What you have to do |
Your output should be the lines from the one containing "我们的击杀顺序是: 督军 ->" through the end of the listing, exact and inclusive, with no pictures.

Task data |
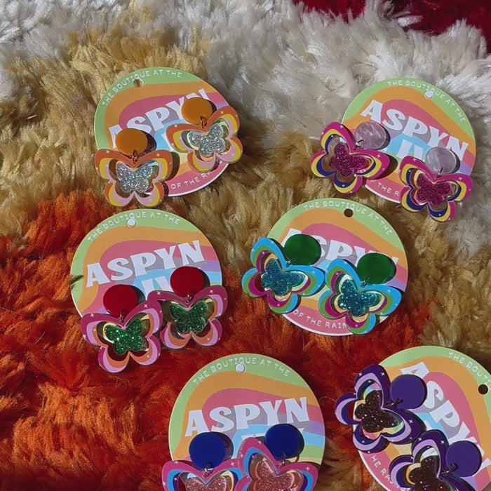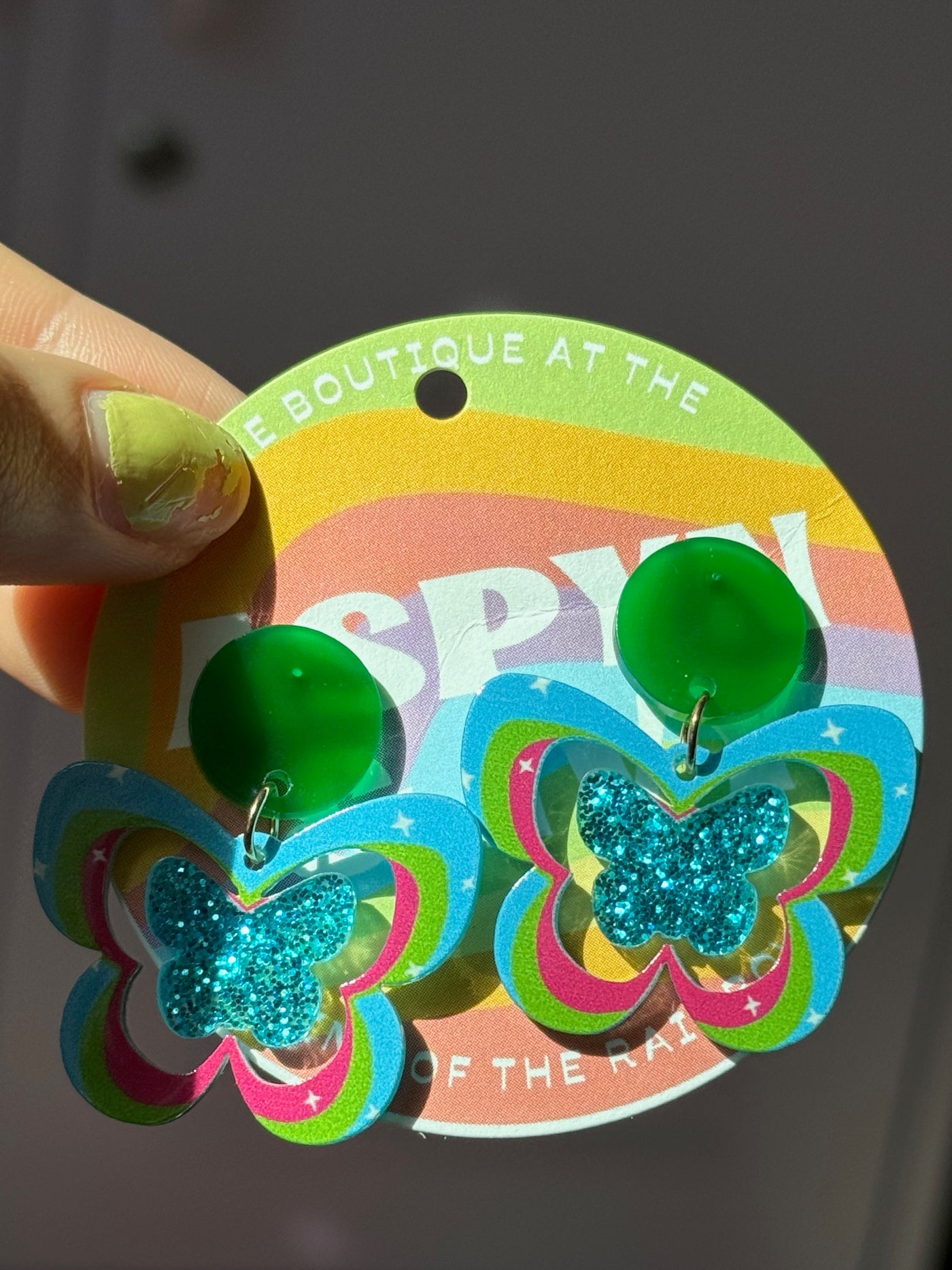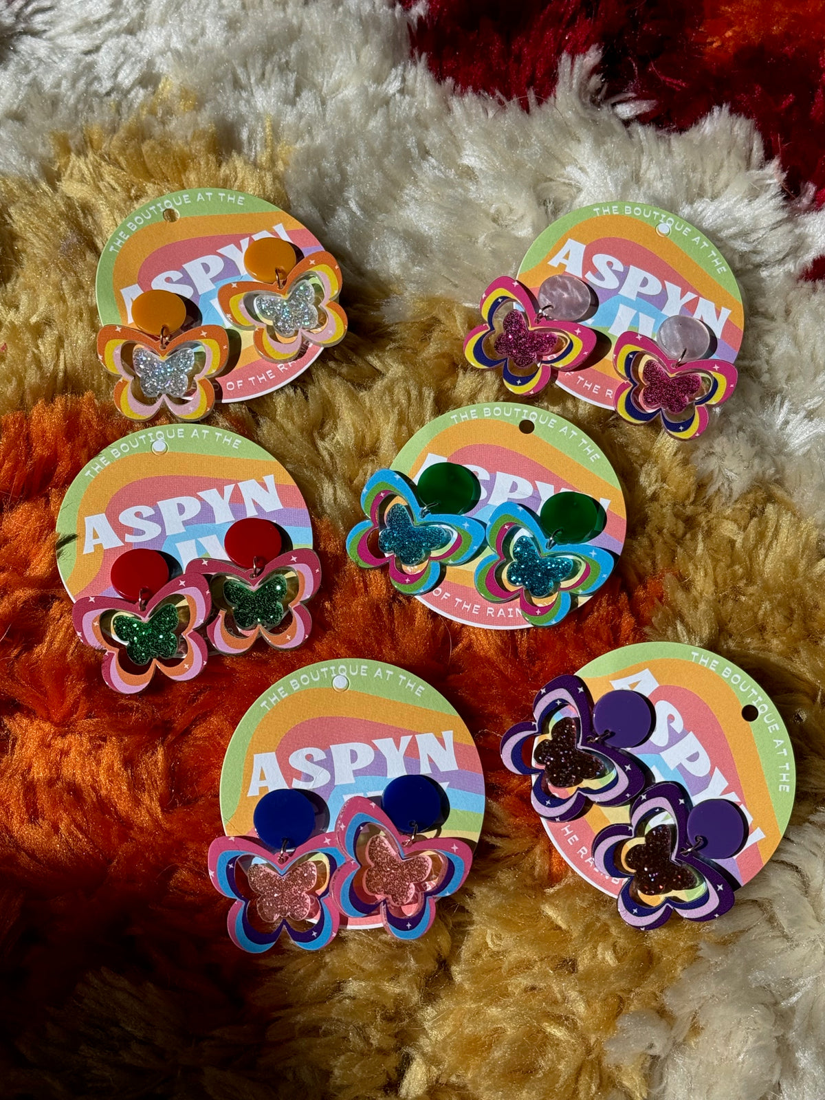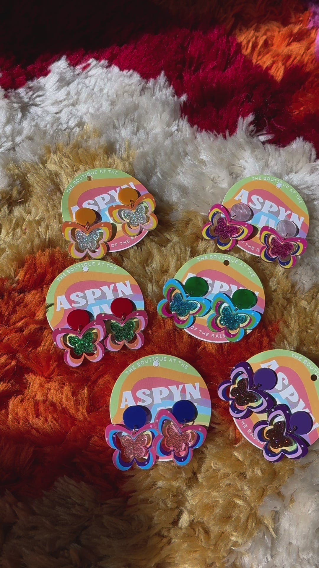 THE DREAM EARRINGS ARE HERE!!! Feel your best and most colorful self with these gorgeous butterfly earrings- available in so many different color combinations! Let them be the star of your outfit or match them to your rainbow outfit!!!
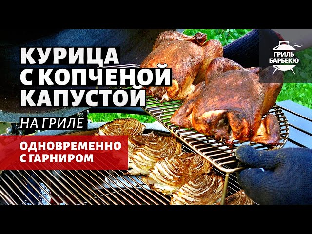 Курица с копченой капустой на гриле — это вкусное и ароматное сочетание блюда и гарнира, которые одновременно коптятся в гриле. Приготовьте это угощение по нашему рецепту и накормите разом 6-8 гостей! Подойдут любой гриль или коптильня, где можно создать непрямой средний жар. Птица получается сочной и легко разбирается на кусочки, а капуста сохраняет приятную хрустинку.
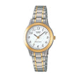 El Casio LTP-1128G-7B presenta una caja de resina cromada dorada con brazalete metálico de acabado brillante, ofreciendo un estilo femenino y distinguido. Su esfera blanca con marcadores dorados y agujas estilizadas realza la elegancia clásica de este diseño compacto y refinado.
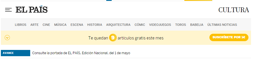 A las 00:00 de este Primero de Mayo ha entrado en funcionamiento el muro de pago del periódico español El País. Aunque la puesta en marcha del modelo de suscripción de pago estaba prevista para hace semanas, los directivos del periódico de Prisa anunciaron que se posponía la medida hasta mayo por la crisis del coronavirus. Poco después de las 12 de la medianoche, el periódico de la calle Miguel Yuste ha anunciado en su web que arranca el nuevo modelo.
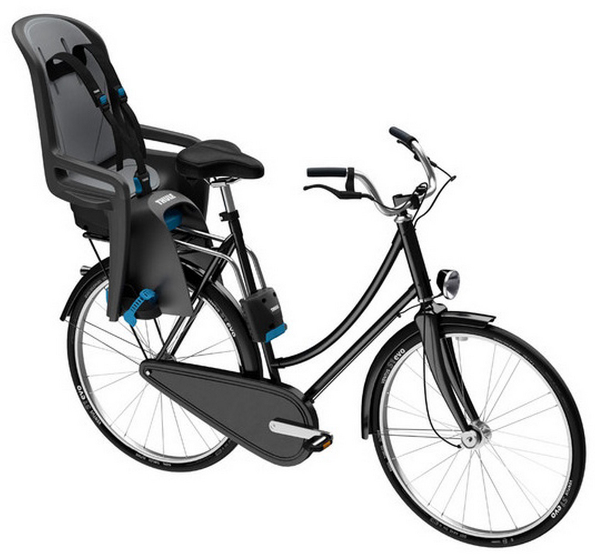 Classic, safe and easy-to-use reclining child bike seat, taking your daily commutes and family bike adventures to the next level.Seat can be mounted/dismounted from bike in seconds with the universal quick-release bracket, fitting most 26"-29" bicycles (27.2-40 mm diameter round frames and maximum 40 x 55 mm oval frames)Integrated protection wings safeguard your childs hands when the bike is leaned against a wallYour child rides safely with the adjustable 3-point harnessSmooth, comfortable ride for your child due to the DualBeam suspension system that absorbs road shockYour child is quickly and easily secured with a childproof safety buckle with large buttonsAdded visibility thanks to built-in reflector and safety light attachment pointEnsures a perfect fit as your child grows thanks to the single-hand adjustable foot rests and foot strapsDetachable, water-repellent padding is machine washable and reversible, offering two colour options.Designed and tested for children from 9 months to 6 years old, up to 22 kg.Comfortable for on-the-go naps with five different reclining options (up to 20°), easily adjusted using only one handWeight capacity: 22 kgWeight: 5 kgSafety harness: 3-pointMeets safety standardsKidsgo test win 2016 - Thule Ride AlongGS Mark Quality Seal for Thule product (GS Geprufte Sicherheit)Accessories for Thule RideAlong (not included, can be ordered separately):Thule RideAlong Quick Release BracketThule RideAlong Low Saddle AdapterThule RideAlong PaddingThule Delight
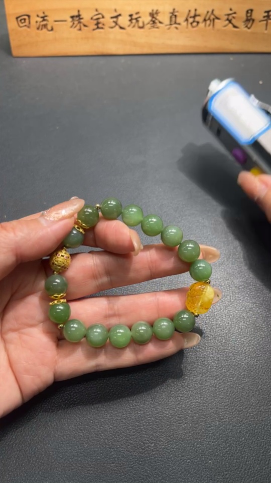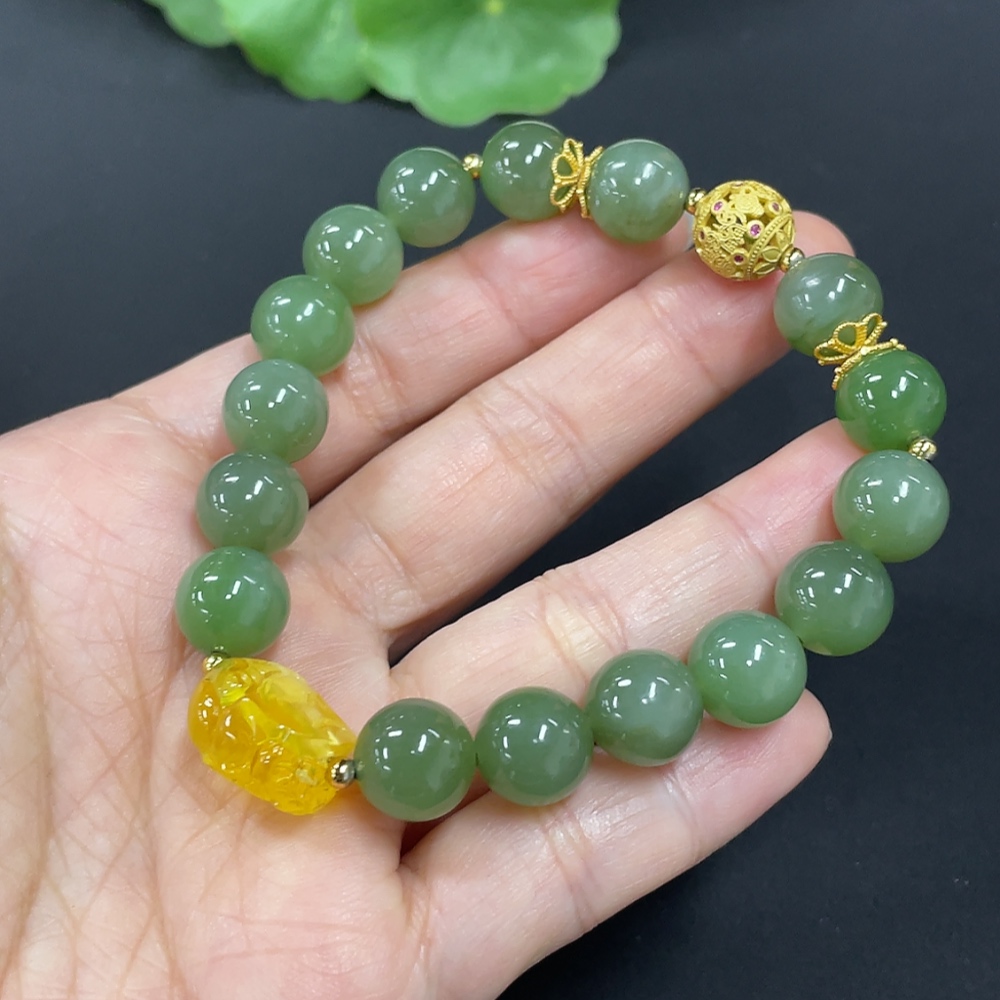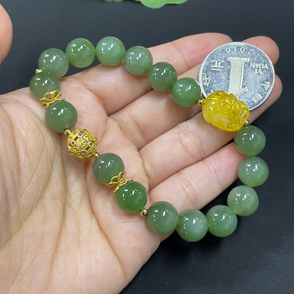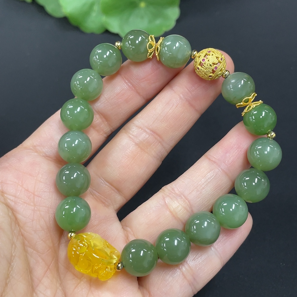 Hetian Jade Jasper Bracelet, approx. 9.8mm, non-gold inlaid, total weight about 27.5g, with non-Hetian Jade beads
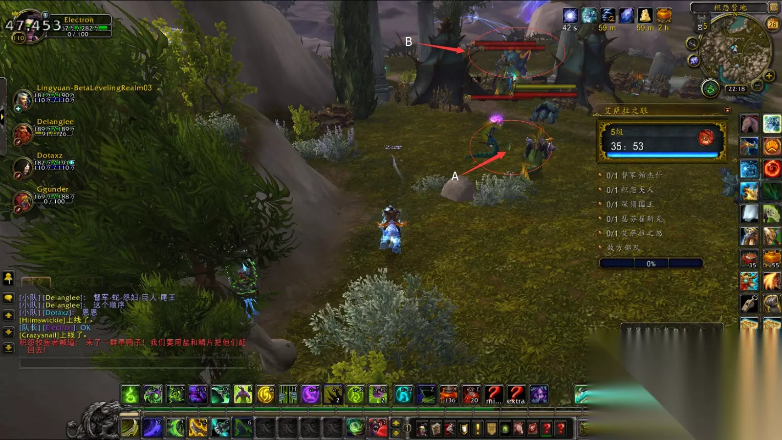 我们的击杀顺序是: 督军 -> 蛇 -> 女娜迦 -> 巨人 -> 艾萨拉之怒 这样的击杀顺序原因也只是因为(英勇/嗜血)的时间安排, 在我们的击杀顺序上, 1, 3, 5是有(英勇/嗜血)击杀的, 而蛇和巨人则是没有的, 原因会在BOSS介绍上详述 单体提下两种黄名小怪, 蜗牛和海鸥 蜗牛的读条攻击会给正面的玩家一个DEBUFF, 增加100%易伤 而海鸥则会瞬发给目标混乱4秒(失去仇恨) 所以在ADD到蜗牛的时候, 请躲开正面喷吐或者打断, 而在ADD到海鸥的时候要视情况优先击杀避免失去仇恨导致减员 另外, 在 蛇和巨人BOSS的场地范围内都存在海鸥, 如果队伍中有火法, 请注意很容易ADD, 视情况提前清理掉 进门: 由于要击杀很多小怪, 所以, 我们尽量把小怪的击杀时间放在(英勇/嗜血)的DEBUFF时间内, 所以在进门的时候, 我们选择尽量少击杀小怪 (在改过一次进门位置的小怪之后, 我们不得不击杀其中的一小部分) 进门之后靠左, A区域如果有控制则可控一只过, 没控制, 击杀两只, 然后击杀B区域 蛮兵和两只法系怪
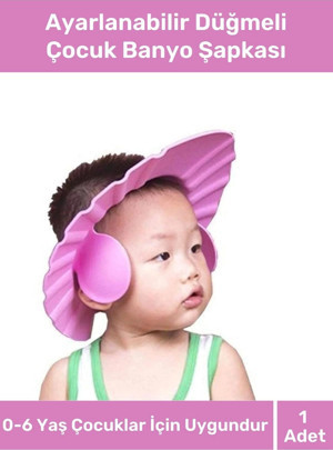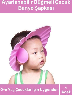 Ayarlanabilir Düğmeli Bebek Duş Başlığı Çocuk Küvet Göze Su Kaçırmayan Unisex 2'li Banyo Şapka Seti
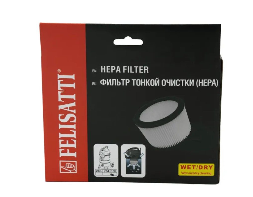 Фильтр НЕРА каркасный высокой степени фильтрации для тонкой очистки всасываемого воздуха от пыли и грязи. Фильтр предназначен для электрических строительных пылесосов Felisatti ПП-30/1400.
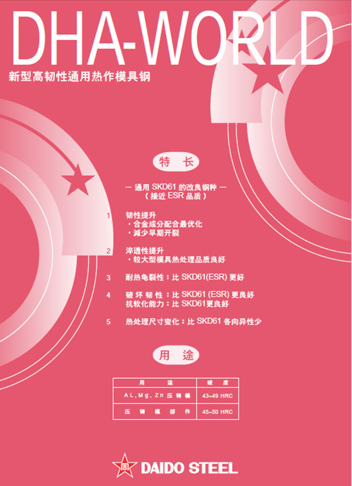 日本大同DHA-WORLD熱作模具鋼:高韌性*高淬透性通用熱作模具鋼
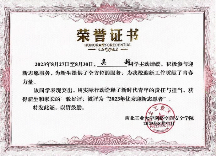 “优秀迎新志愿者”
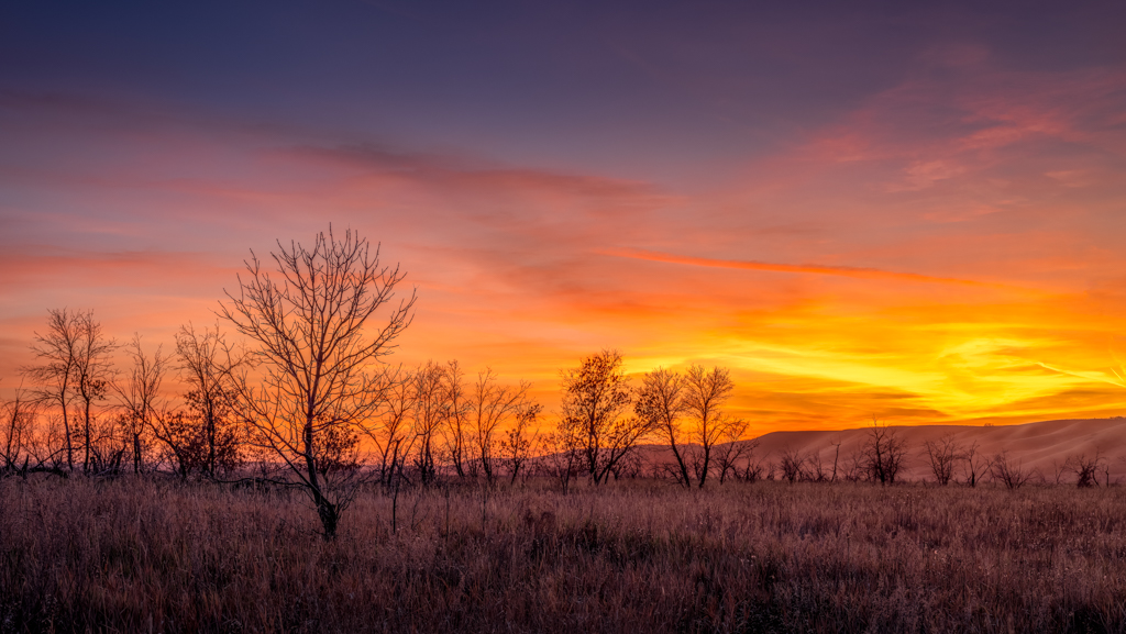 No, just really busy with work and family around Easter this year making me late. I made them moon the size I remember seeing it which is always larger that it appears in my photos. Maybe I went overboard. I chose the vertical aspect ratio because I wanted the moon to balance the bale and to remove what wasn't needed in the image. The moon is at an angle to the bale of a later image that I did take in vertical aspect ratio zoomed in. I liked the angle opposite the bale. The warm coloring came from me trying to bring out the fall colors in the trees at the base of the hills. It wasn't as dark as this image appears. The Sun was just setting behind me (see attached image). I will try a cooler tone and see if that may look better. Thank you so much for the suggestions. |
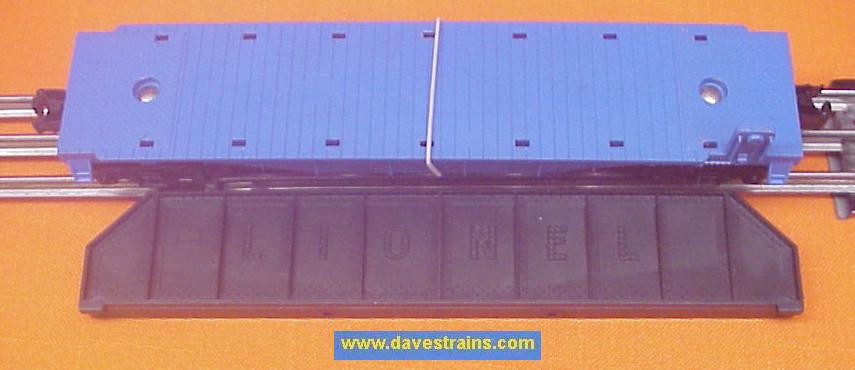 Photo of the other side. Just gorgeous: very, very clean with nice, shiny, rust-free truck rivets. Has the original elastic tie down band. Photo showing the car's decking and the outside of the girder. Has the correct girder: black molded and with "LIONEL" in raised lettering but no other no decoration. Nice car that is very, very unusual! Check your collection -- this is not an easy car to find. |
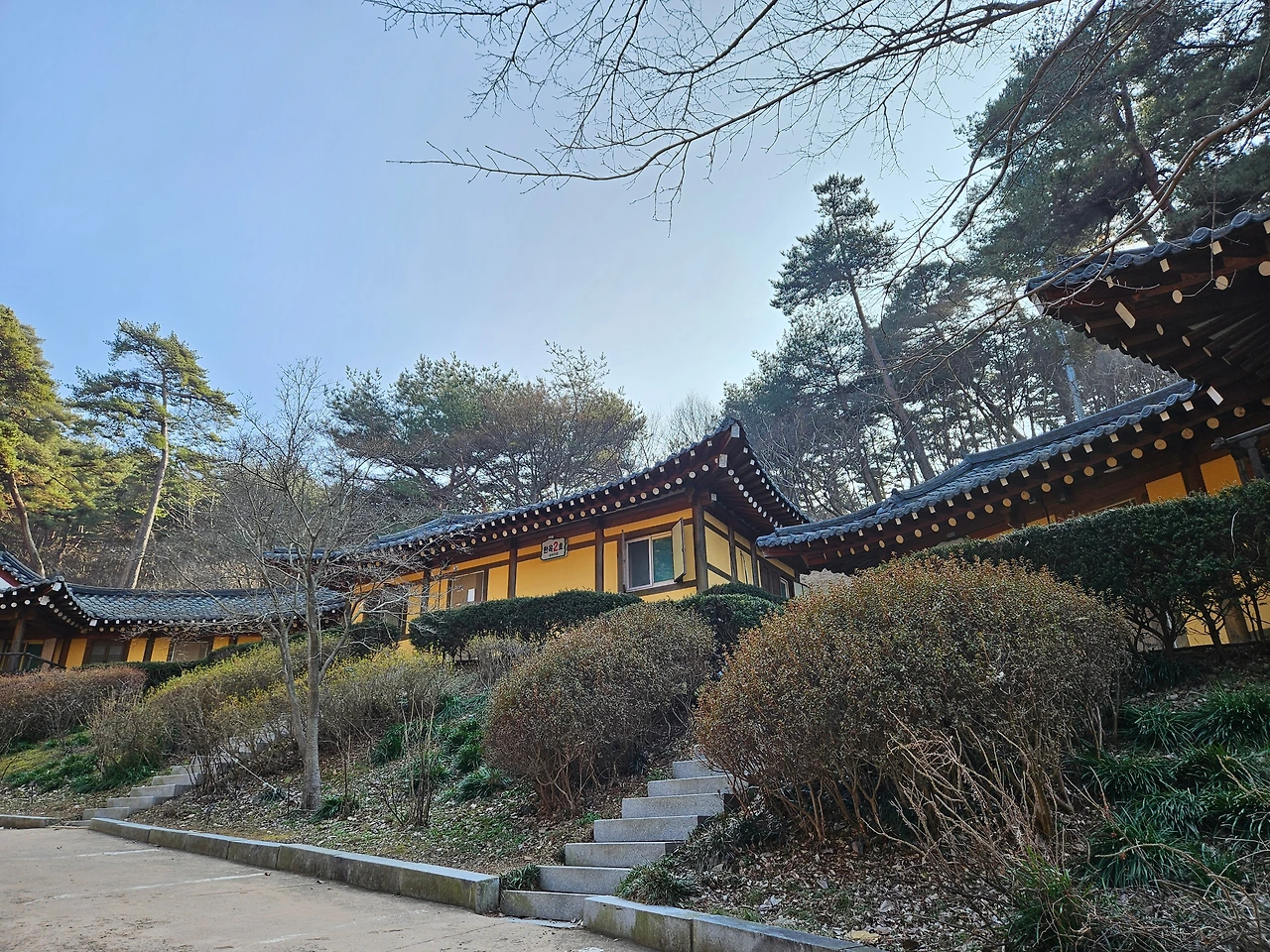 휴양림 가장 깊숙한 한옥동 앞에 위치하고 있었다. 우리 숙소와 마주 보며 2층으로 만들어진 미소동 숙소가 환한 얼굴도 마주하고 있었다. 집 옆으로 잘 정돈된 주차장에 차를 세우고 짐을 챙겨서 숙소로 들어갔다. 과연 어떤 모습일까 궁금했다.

Exercise response |
 我们的击杀顺序是: 督军 -> 蛇 -> 女娜迦 -> 巨人 -> 艾萨拉之怒 这样的击杀顺序原因也只是因为(英勇/嗜血)的时间安排, 在我们的击杀顺序上, 1, 3, 5是有(英勇/嗜血)击杀的, 而蛇和巨人则是没有的, 原因会在BOSS介绍上详述 单体提下两种黄名小怪, 蜗牛和海鸥 蜗牛的读条攻击会给正面的玩家一个DEBUFF, 增加100%易伤 而海鸥则会瞬发给目标混乱4秒(失去仇恨) 所以在ADD到蜗牛的时候, 请躲开正面喷吐或者打断, 而在ADD到海鸥的时候要视情况优先击杀避免失去仇恨导致减员 另外, 在 蛇和巨人BOSS的场地范围内都存在海鸥, 如果队伍中有火法, 请注意很容易ADD, 视情况提前清理掉 进门: 由于要击杀很多小怪, 所以, 我们尽量把小怪的击杀时间放在(英勇/嗜血)的DEBUFF时间内, 所以在进门的时候, 我们选择尽量少击杀小怪 (在改过一次进门位置的小怪之后, 我们不得不击杀其中的一小部分) 进门之后靠左, A区域如果有控制则可控一只过, 没控制, 击杀两只, 然后击杀B区域 蛮兵和两只法系怪
 Ayarlanabilir Düğmeli Bebek Duş Başlığı Çocuk Küvet Göze Su Kaçırmayan Unisex 2'li Banyo Şapka Seti
 Фильтр НЕРА каркасный высокой степени фильтрации для тонкой очистки всасываемого воздуха от пыли и грязи. Фильтр предназначен для электрических строительных пылесосов Felisatti ПП-30/1400.
 日本大同DHA-WORLD熱作模具鋼:高韌性*高淬透性通用熱作模具鋼
 “优秀迎新志愿者”
 No, just really busy with work and family around Easter this year making me late. I made them moon the size I remember seeing it which is always larger that it appears in my photos. Maybe I went overboard. I chose the vertical aspect ratio because I wanted the moon to balance the bale and to remove what wasn't needed in the image. The moon is at an angle to the bale of a later image that I did take in vertical aspect ratio zoomed in. I liked the angle opposite the bale. The warm coloring came from me trying to bring out the fall colors in the trees at the base of the hills. It wasn't as dark as this image appears. The Sun was just setting behind me (see attached image). I will try a cooler tone and see if that may look better. Thank you so much for the suggestions. |
 Photo of the other side. Just gorgeous: very, very clean with nice, shiny, rust-free truck rivets. Has the original elastic tie down band. Photo showing the car's decking and the outside of the girder. Has the correct girder: black molded and with "LIONEL" in raised lettering but no other no decoration. Nice car that is very, very unusual! Check your collection -- this is not an easy car to find. |
 휴양림 가장 깊숙한 한옥동 앞에 위치하고 있었다. 우리 숙소와 마주 보며 2층으로 만들어진 미소동 숙소가 환한 얼굴도 마주하고 있었다. 집 옆으로 잘 정돈된 주차장에 차를 세우고 짐을 챙겨서 숙소로 들어갔다. 과연 어떤 모습일까 궁금했다.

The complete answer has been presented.